Make an exact copy, from the records below, of the lines from the line containing "The Vatican is" to the line containing "This White-winged Dove", both lines included, excluding pictures.

*** Opening Material provided ***

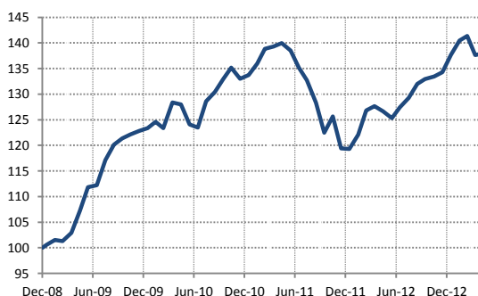
— MFM Convertible Bonds Opportunities (EUR) A
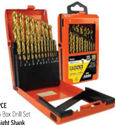
21 PCE Slim Box Drill Set Straight Shank
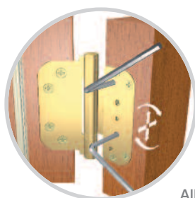
Allen Key Adjustment
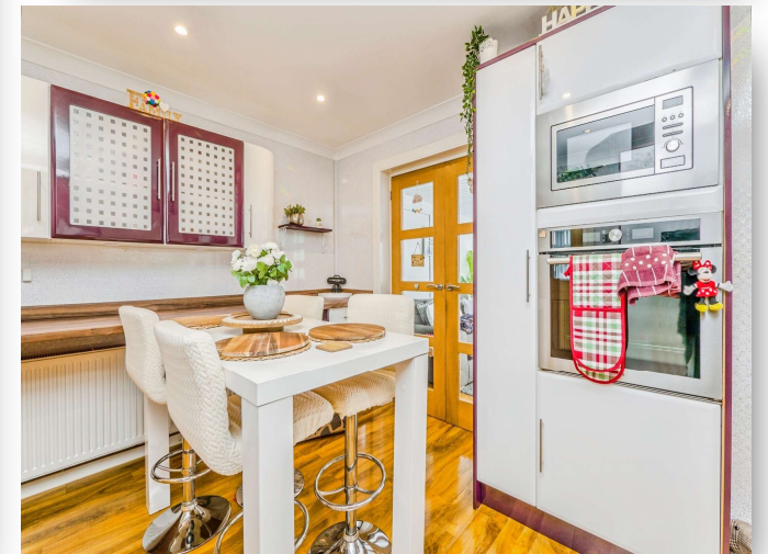
Bryncyn, Pentwyn Cardiff CF23 7BJ
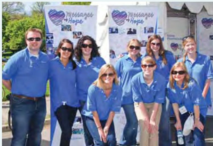
Solvay Pharmaceuticals, Inc. "Message of Hope" Wall

It was an unforgettable day and everyone that came left with more knowledge about PD and an incredible sense of belonging. ☺
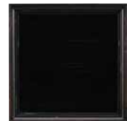
44: Ebony (M) A rich rubbed-through black finish that highlights the underlying wood tones with a lustrous satin-like patina.
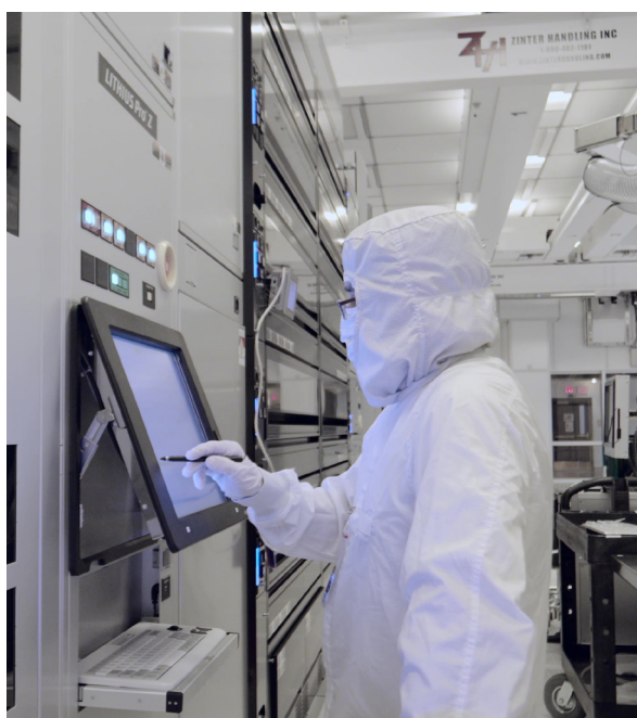
EUV work station at Albany NanoTech Complex
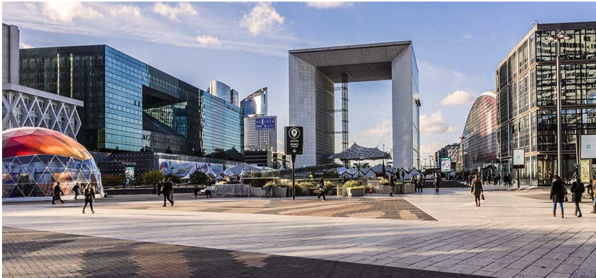
La Défense business district in Paris, where ECCO's offices are located.
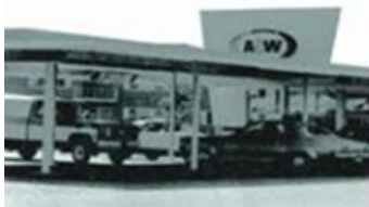
Jack Taylor's A&W Root Beer (Snyder Drugs Location)
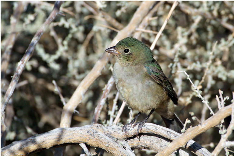
Figure 10. All of Nevada's four accepted records of the Painted Bunting during the 2015 review period were of immature/female-plumaged birds such as this one at the Corn Creek Field Station, Desert National Wildlife Refuge in Clark County, 8 September 2014.
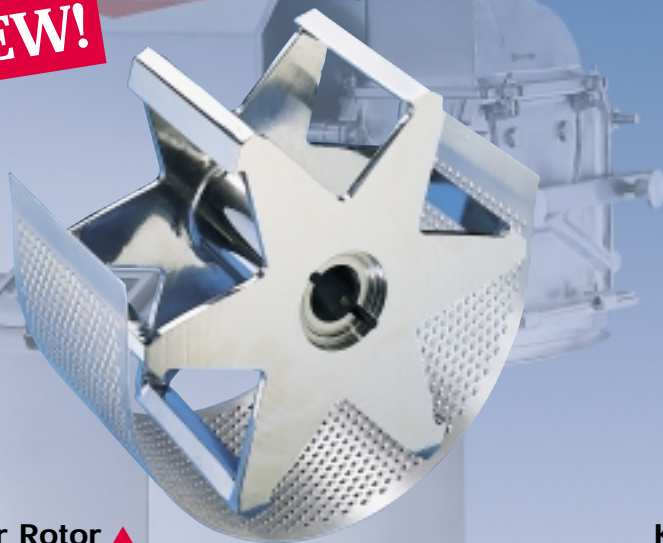
Bar Rotor ▲
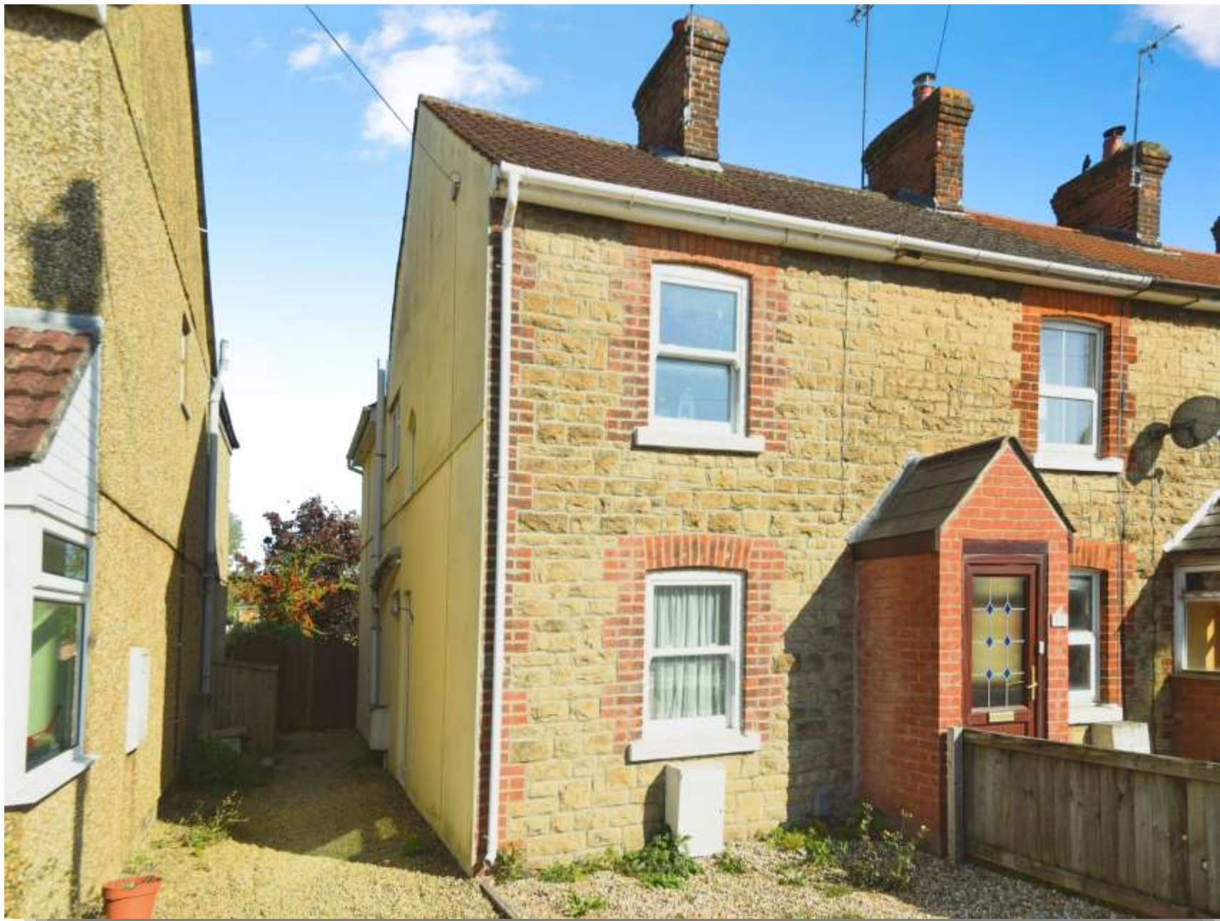
Hyde Road, Swindon SN2 7SB
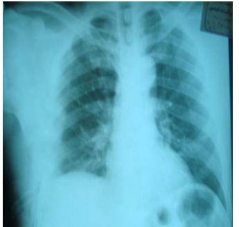
Fig (6 b): CXR (b) 3 months after pleurodesis.

Fig (6 a): CXR (a) showed complete recurrent pneumothorax.
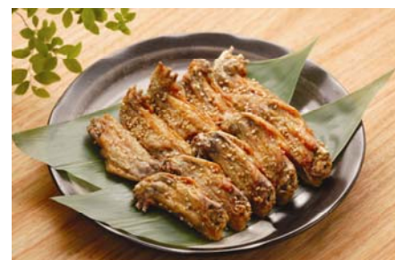
Buffalo wing addicts, meet Nagoya tebasaki

Sushi and sashimi are all well and good, but a few days into your next trip to Japan you may find yourself hankering for the comfort of a greasy American meal. While they certainly enjoy their share of typically healthy Japanese cuisine, Nagoyans are also not afraid to clock up some calories once in a while, and domestic tourists are sure to seek out the local deep fried dishes when they make it to the city. For Americans, these dishes provide that brick-in-your-stomach sensation that we are so fond of while still being distinctive enough not to jeopardize our pledge to be adventurous eaters.
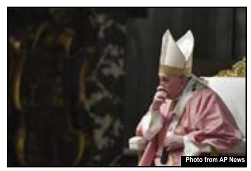
The Vatican backpedals on same-sex marriage

The Vatican is hurting those whose lives they are unfamiliar with, and this is a devastating announcement for LGBTQ people.
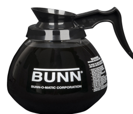
DECANTER,GLASS-BLK 12C 24/CS
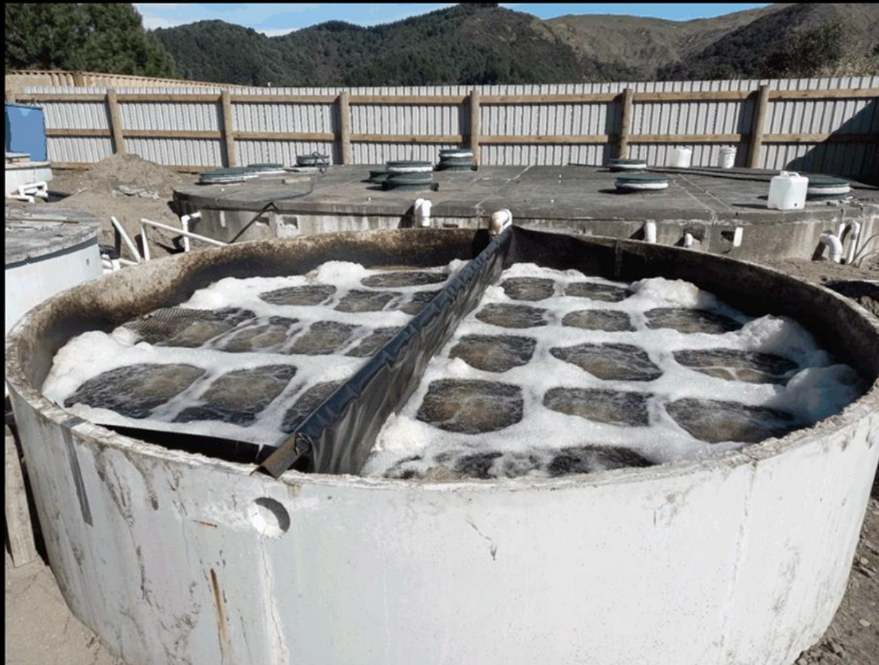
605. Opoutama temp WWTP at 3weeks (2)
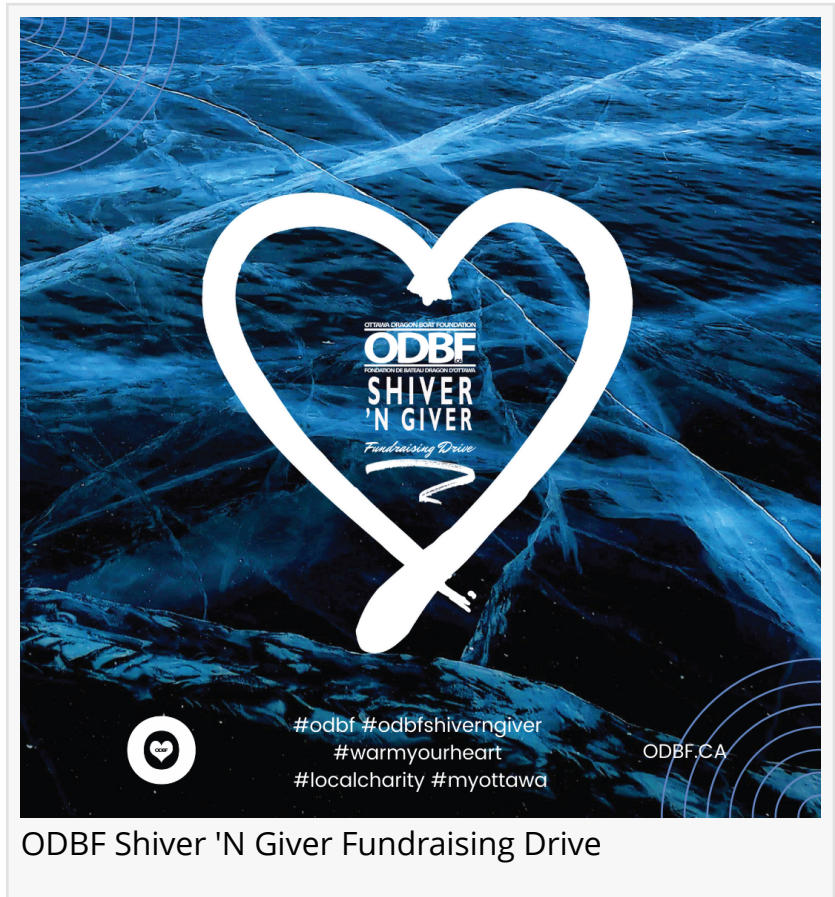
ODBF Shiver 'N Giver Fundraising Drive

The Snowsuit Fund is an Ottawa-based charity that raises funds for the purchase and
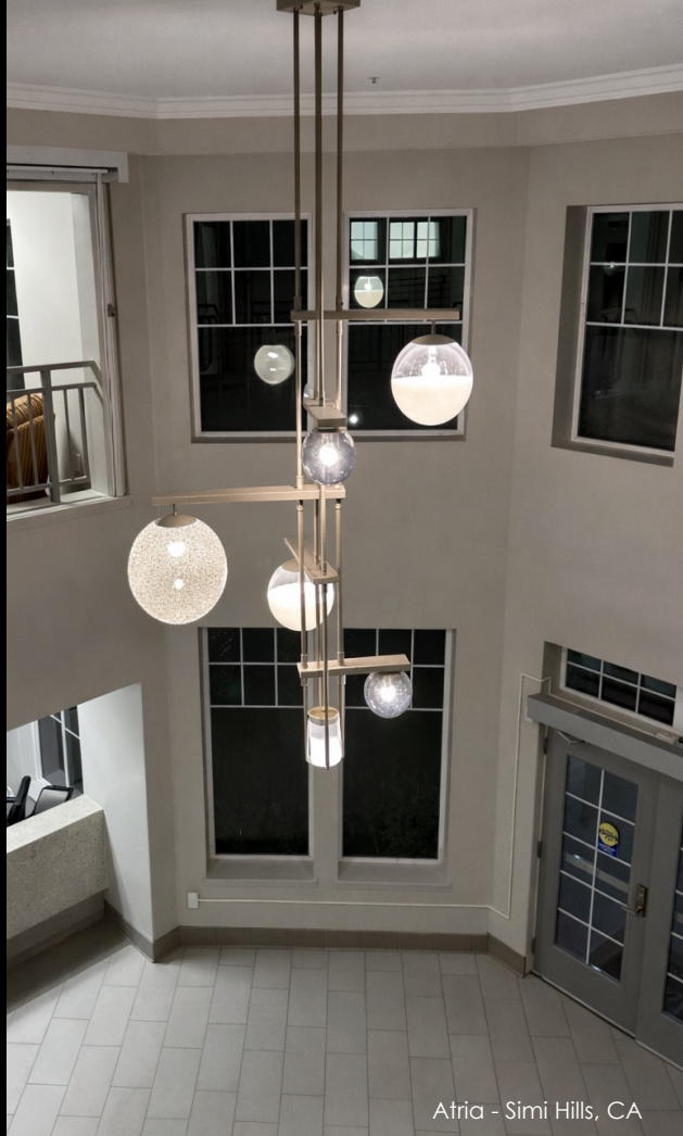
Atria - Simi Hills, CA
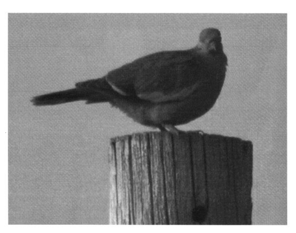
This White-winged Dove remained at Hamlin Beach, Monroe County, New York 8-18 June 2002. The species has become an almost annual visitor to New York since the early 1990s.

SA There were still 29,000 shore-birds—mostly Sanderlings, Ruddy Turnstones, Red Knots and Semipalmated Sandpipers-at the great Delaware Bay staging ground when the last aerial survey was taken 5 Jun. The peak of 157,000 28 May was about 25% below normal. Semipalmated Sandpipers were particularly reduced, peaking at 50,000 compared to 190,000 last year. Maximum counts of Red Knot (31,700) and Ruddy Turnstone (64,700) were also down. Red Knots are particularly significant because about 80% of the East Coast population stops here in spring; the relatively low weight of banded Red Knots this spring added concern. Only Sanderlings held up: their peak of 14,000 23 May was average. Careful water analysis shows that Horseshoe Crab eggs, the main resource for these shorebirds on route to the Arctic, have become fewer and more patchily distributed, forcing the birds to concentrate on a few beaches. Overharvesting Horseshoe Crabs is clearly damaging this globally significant shorebird staging area (KCl). The same is clearly true in our sister Region to the south, around Chesapeake Bay and the coastal barrier islands.
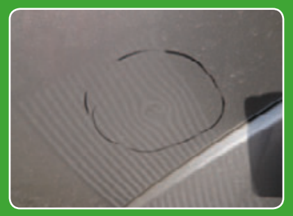
Dent on body
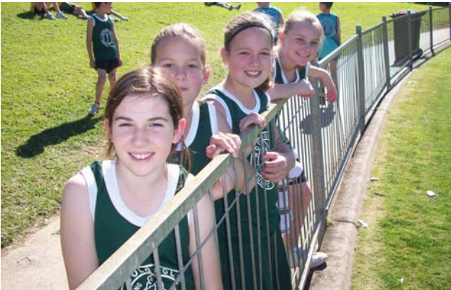
Pictured above are some of our wonderful athletes who represented WPS at the District Athletics Carnival last week.

Last Thursday, 31 July, was a magnificent day for a District Athletics Carnival and WPS had almost fifty athletes representing our school at the Coffs Harbour International Stadium!!
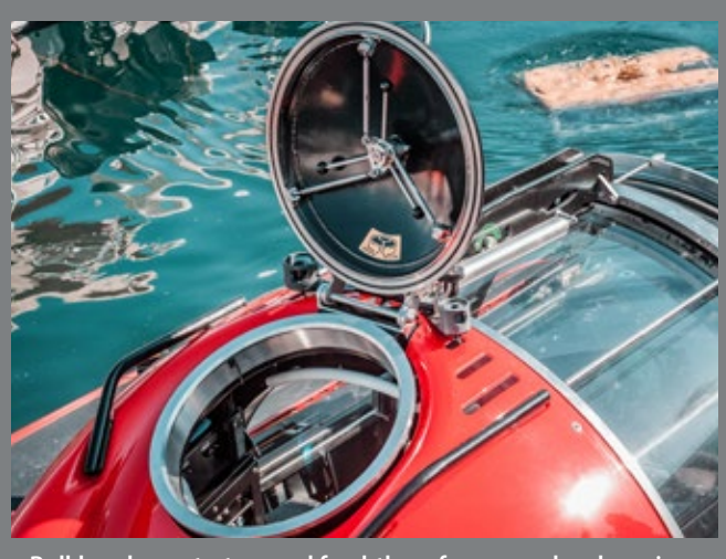
Bulkhead penetrators and feed-thrus for research submarines
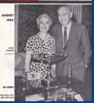
August 1963 Issue of Chess Review.

*** Closing Material provided ***

[Task result]
The Vatican is hurting those whose lives they are unfamiliar with, and this is a devastating announcement for LGBTQ people.
DECANTER,GLASS-BLK 12C 24/CS
605. Opoutama temp WWTP at 3weeks (2)
ODBF Shiver 'N Giver Fundraising Drive

The Snowsuit Fund is an Ottawa-based charity that raises funds for the purchase and
Atria - Simi Hills, CA
This White-winged Dove remained at Hamlin Beach, Monroe County, New York 8-18 June 2002. The species has become an almost annual visitor to New York since the early 1990s.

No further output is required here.